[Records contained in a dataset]
* * *
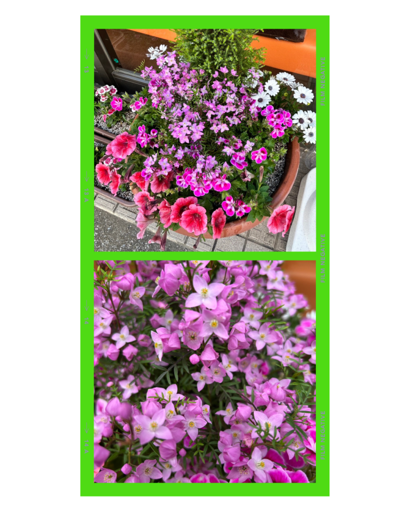 今月のお花は、天気の良い日の朝に開花して夕方や天気の悪い日は花を閉じる純白の「オステオスペルマム」と、葉や枝から柑橘系の香りがほんのり漂い、星形や釣り鐘のように垂れる花を咲かせる「ボロニア(追加写真)」、大きさから色や模様など色々な種類のある「ペチュニア」が今回は濃いピンク色や赤色で華やかさを増してくれています。
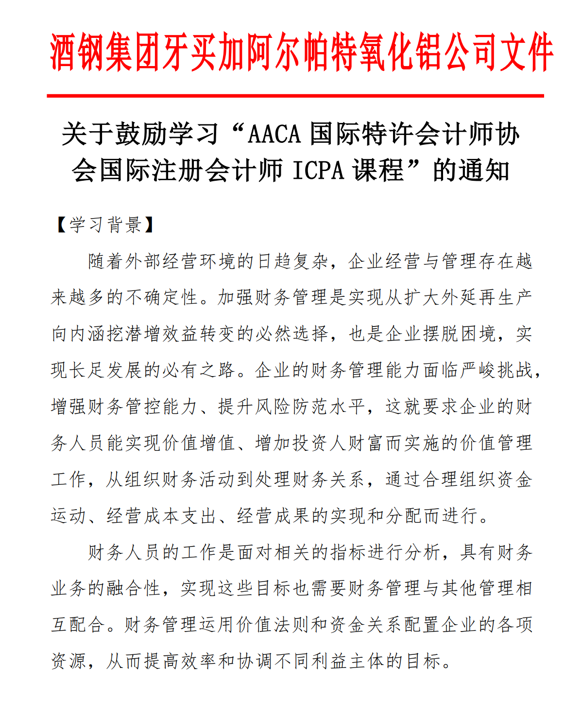酒钢集团牙买加阿尔帕特氧化铝公司发文鼓励学习ICPA国际注册会计师
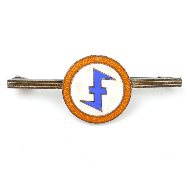 NSB - WA Membership Badge (WA-Draagteken). The Dutch 'Nationaal-Socialistische Beweging' (National Socialist Movement) was founded by 'Anton Mussert' in December 1931 and was a Dutch pro-German Nazi Party. This badge was worn by the members of the 'NSB'-related: 'Weerafdelingen' (being more or less the equivalent of the German SA or 'Sturmabteilungen'). The pin shows some normal scratches and traces of usage and is in overall good condition. The badge is nicely mounted on hard to find a mini-bar/clasp, having a functional pin-back device. The badge is maker-marked on the back with the logo 'HFB'. The badge has the colours of the 'Princevlag' and was introduced by 'Van Geelkerken' in june 1938. These badges are only used for a very short period of time and are almost impossible to find, scarce original example in good used condition.
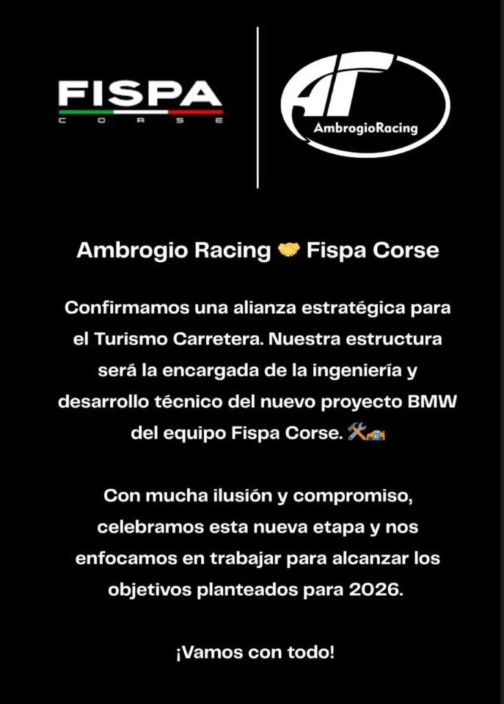 Informamos a nuestros Sponsors, proveedores, allegados y público en general que, a partir de la fecha, el equipo Ambrogio Racing será el encargado de la ingeniería del BMW Motorsport. Con mucha ilusión y compromiso celebramos esta nueva etapa y estamos enfocados en trabajar para alcanzar los objetivos planteados para el 2026.
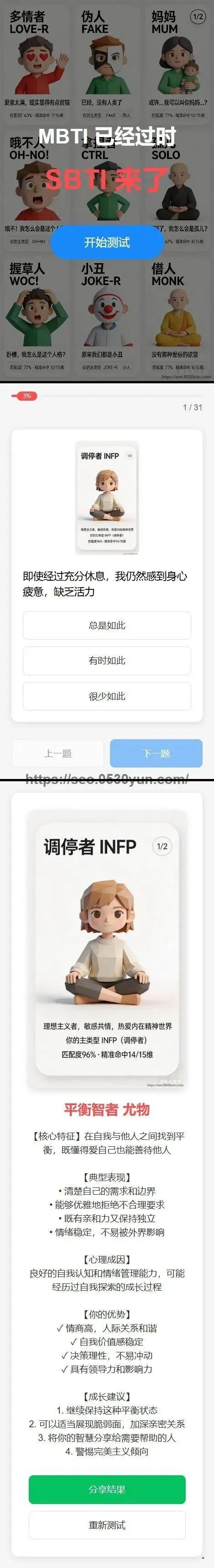 1. **幽默化人格测试** – 将传统MBTI转化为更接地气的搞笑人格类型
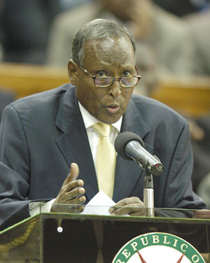 Before he boarded his car, he said, he was seen out of the temporary parliament building by his prime minister, Mr Mohamed Ghedi and the Speaker, Mr Shariff Hassan Sheik Adan.
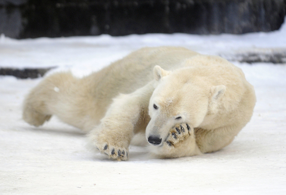 1月6日,德國羅斯托克動物園內(nèi),一只北極熊愜意的享受著雪地的樂趣。
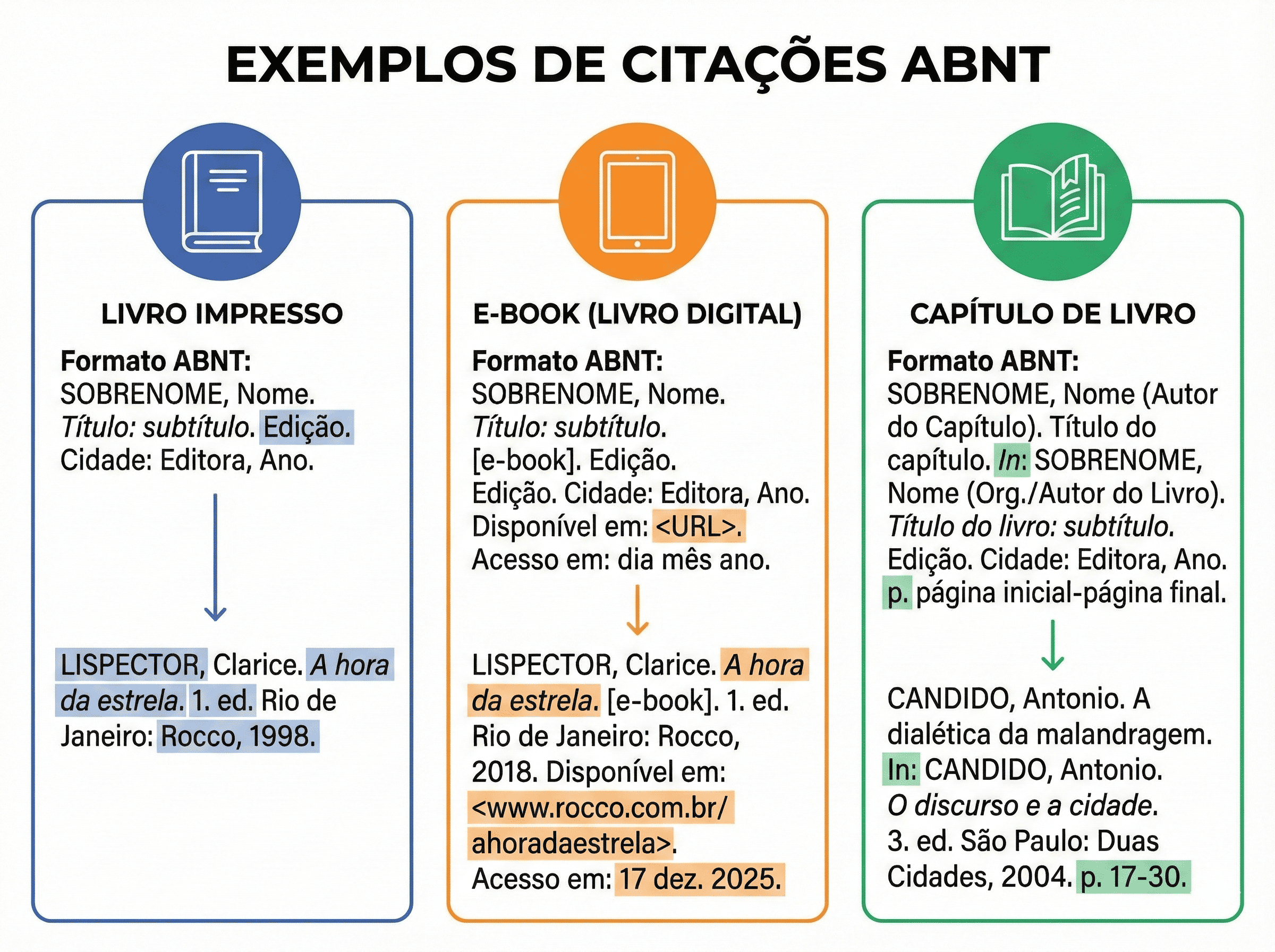 Infografia de exemplos de citações ABNT para livros, e-books e capítulos
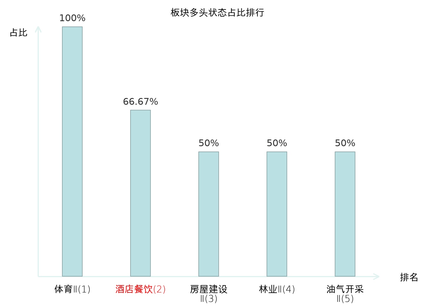 全市场所有行业板块中主力多头状态占比排名中,体育Ⅱ板块位居第一。国有大型银行Ⅱ板块名次提升最快,较昨日上升100位。
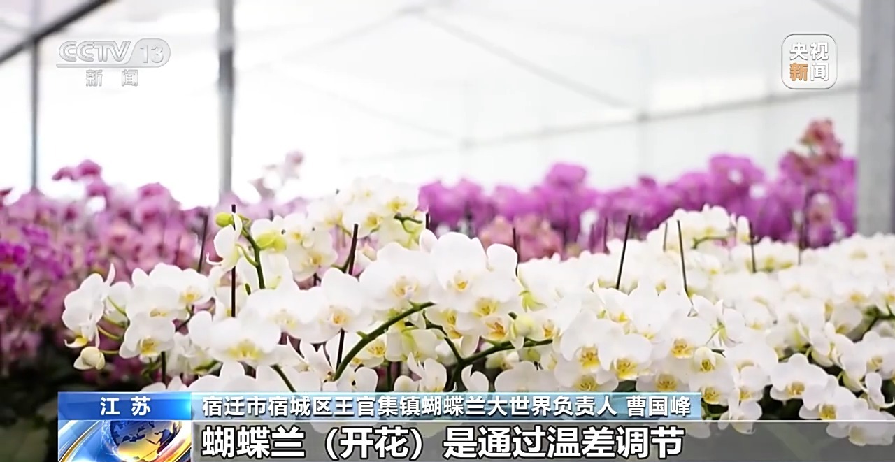 宿遷市宿城區(qū)王官集鎮(zhèn)蝴蝶蘭大世界負責人 曹國峰:其實蝴蝶蘭的自然花期應該是農(nóng)歷年開始一直到“五一”,這是自然狀態(tài)。現(xiàn)在我們通過技術干預,想哪一天開就哪一天開。蝴蝶蘭開花是通過溫差調(diào)節(jié),這個時候我們就要用空調(diào),一些恒溫設備以及除濕設備進行恒溫控制。
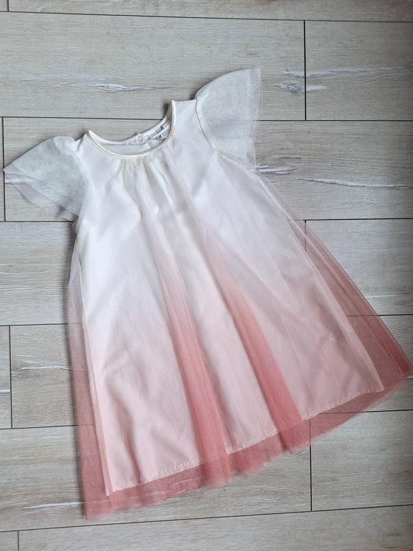 8-9 років,134 см,довжина 73 см,ширина 36 см,ніжна фатинова сукня на дівчинку,дуже гарно переливається,стан відмінний але є нюансик,спереду на фатині малюсенька дірочка( останнє фото),в носці її непомітно
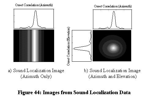 With only two microphones, onset correlation provides a 1-D function of sound power versus azimuth, since interaural delay and azimuth are related by Equation (1). Figure 44a shows this function mapped to a two-dimensional "sound image," where image brightness indicates the level of onset correlation. In this example, it has been assumed that elevation is small enough that each column of pixels relates directly to an interaural delay value. (The actual locus of points defined by a given interaural delay is a hyperbolic cone, but this is approximated as a vertical plane in Equation (1).) If two orthoganal pairs of microphones are used for onset correlation, then sound energy may also be related to elevation. Figure 44b shows how onset correlation plots for azimuth and elevation may be combined to create a 2-D image of sound power. In this illustration, correlation values for elevation and azimuth are multiplied together to form each pixel in the sound image, thus highlighting the area where sound power from each direction intersects. (Onset correlation values from two pairs of microphones are statistically independent between azimuth and elevation. This means that the probability that a sound originates at a given azimuth and elevation may be calculated from the product of the individual azimuth and elevation probabilities for the two onset correlation plots. Multiplication of the raw correlation values between the independent measurements is not exacly the same as multiplying their probability densities conditional on the presense of a sound target, but is close enough for illustration purposes intended in Figure 44.) Only one pair of microphones was available for real-time processing for the implementation done in this research, so only the 1-D sound image is used in the remainder of this dissertation.
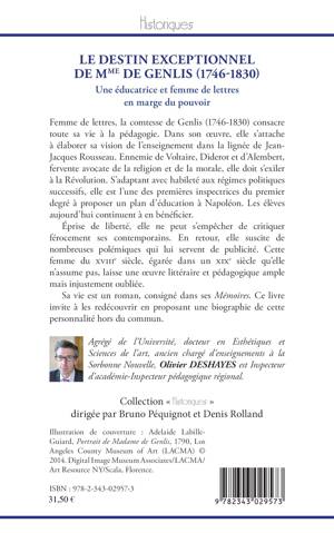 Femme de lettres, la comtesse de Genlis (1746-1830) consacre toute sa vie à la pédagogie. S’adaptant avec habileté aux régimes politiques successifs, elle est l’une des premières inspectrices du premier degré à proposer un plan d’éducation à Napoléon. Sa vie est un roman, consigné dans ses Mémoires. Ce livre invite à les redécouvrir en proposant une biographie de cette personnalité hors du commun.
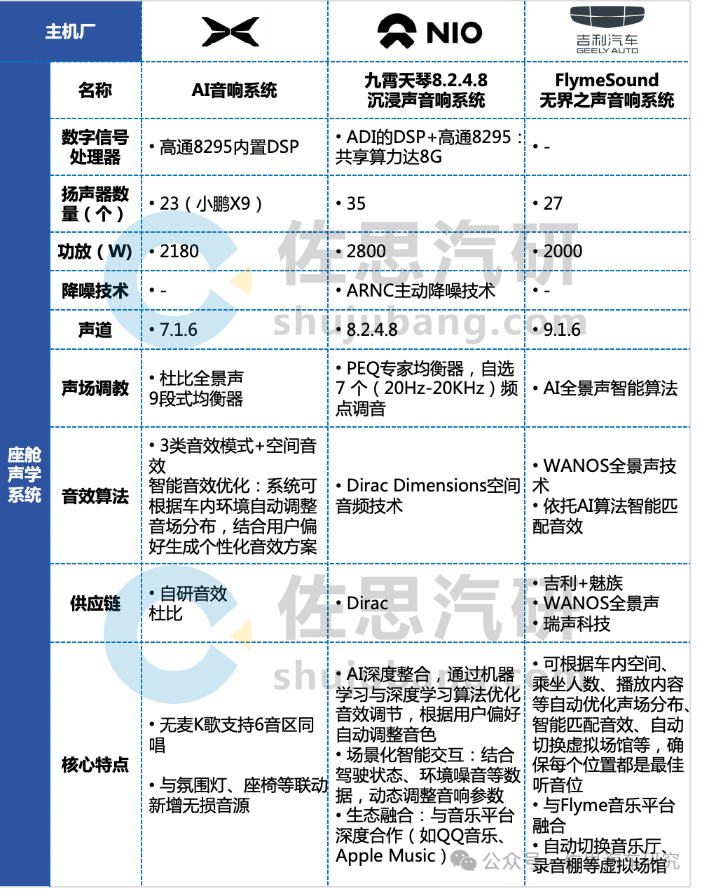 部分OEM主机厂智能座舱声学软硬件系统布局
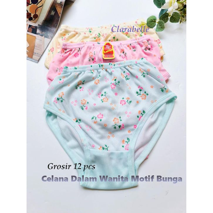 Celana Dalam 12 pcs / CD Wanita Motif Bunga Kartika
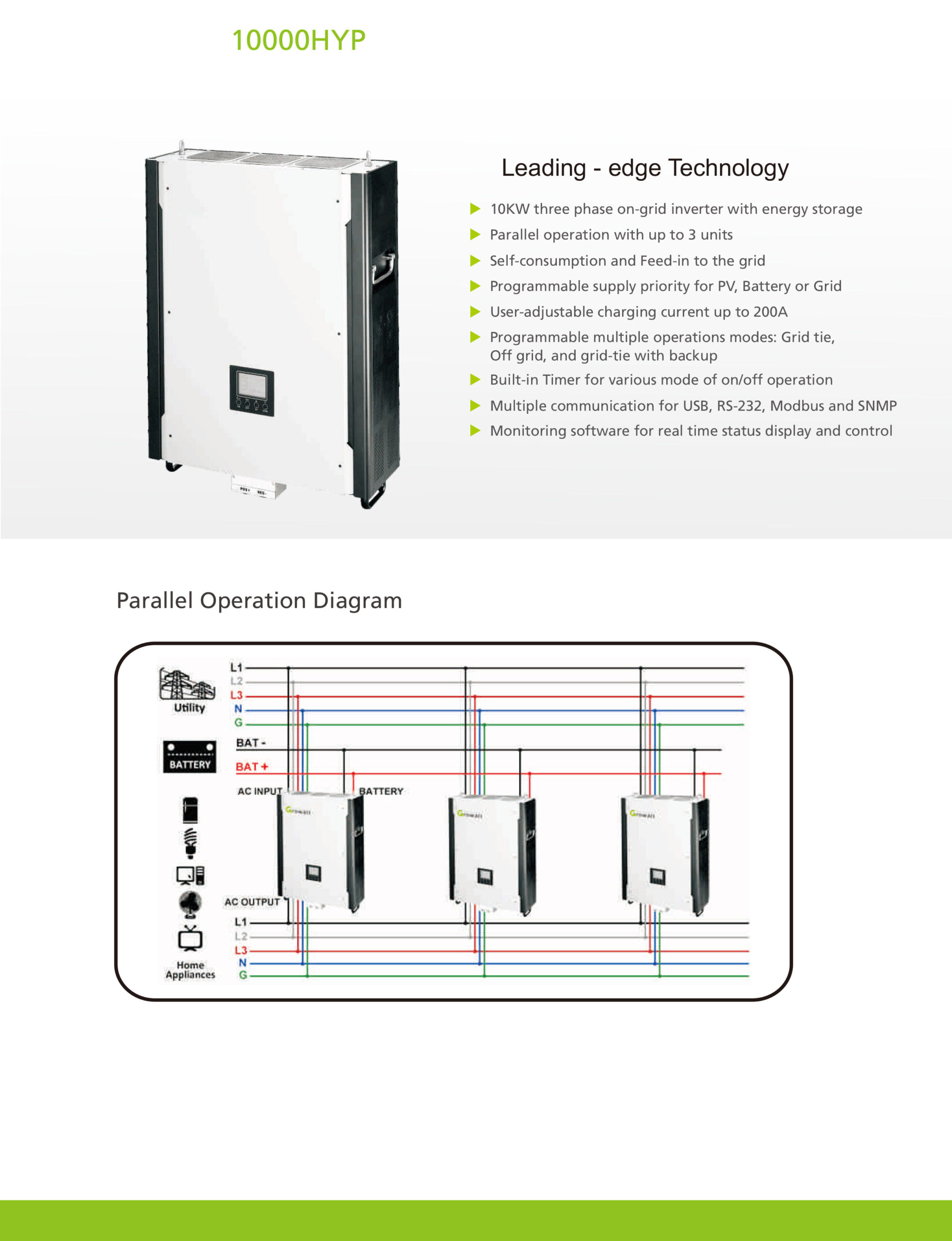 Onduleur solaire hybride est compatible avec les systèmes PV connectés au réseau et hors réseau. Il peut contrôler intelligemment le flux d’énergie. Pendant la journée, l’installation photovoltaïque produit de l’électricité qui peut être fournie aux charges, introduite dans le réseau ou charger la batterie. L’électricité stockée peut être libérée lorsque les charges l’exigent, par exemple pendant la nuit. De plus, le réseau peut également être utilisé pour charger les périphériques de stockage via l’onduleur (fonction UPS).
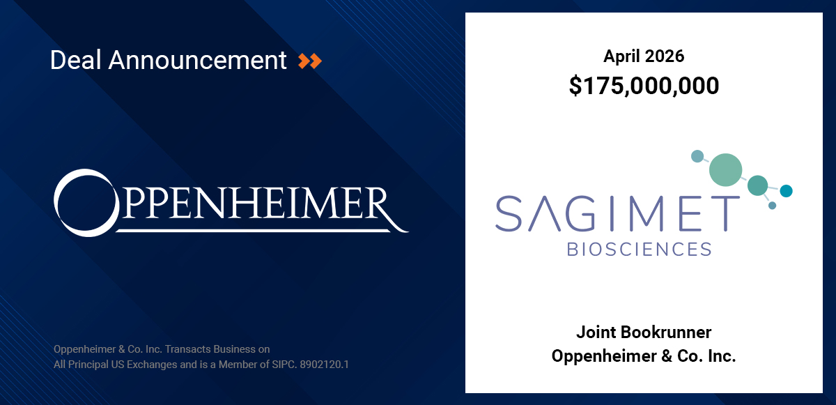 Oppenheimer & Co. Inc. acted as Joint Bookrunner on Sagimet Biosciences’ $175MM Follow-On Offering
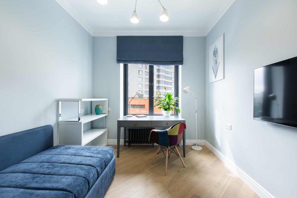 Camera copilului a fost gandita in acelasi spirit functional, cu zone de depozitare (un dulap spatios la intrarea in camera), spatiu pentru dormit si un birou din lemn masiv, amenajat la fereastra.
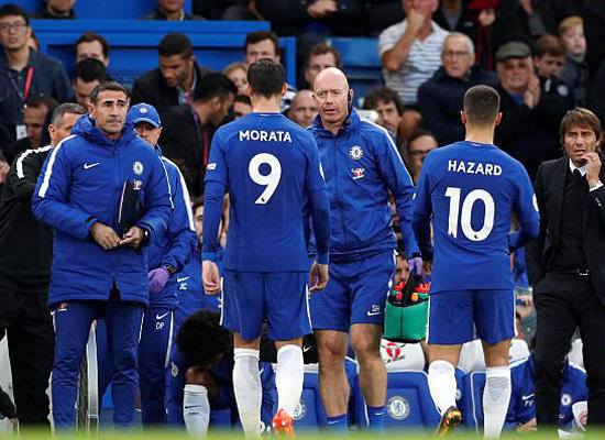 腾讯体育10月1日讯 本轮联赛主场迎战曼城,切尔西不但0-1输掉了比赛,而且还损失了锋线大将莫拉塔,由于拉伤了大腿肌肉,西班牙人上半场就无法坚持被威廉换下。
* * *
- **What is expected**:
Pictures are to be left out while the lines from the beginning of the records through the line with "NSB - WA Membership" are copied word for word.

- **Output**:
 今月のお花は、天気の良い日の朝に開花して夕方や天気の悪い日は花を閉じる純白の「オステオスペルマム」と、葉や枝から柑橘系の香りがほんのり漂い、星形や釣り鐘のように垂れる花を咲かせる「ボロニア(追加写真)」、大きさから色や模様など色々な種類のある「ペチュニア」が今回は濃いピンク色や赤色で華やかさを増してくれています。
酒钢集团牙买加阿尔帕特氧化铝公司发文鼓励学习ICPA国际注册会计师
 NSB - WA Membership Badge (WA-Draagteken). The Dutch 'Nationaal-Socialistische Beweging' (National Socialist Movement) was founded by 'Anton Mussert' in December 1931 and was a Dutch pro-German Nazi Party. This badge was worn by the members of the 'NSB'-related: 'Weerafdelingen' (being more or less the equivalent of the German SA or 'Sturmabteilungen'). The pin shows some normal scratches and traces of usage and is in overall good condition. The badge is nicely mounted on hard to find a mini-bar/clasp, having a functional pin-back device. The badge is maker-marked on the back with the logo 'HFB'. The badge has the colours of the 'Princevlag' and was introduced by 'Van Geelkerken' in june 1938. These badges are only used for a very short period of time and are almost impossible to find, scarce original example in good used condition.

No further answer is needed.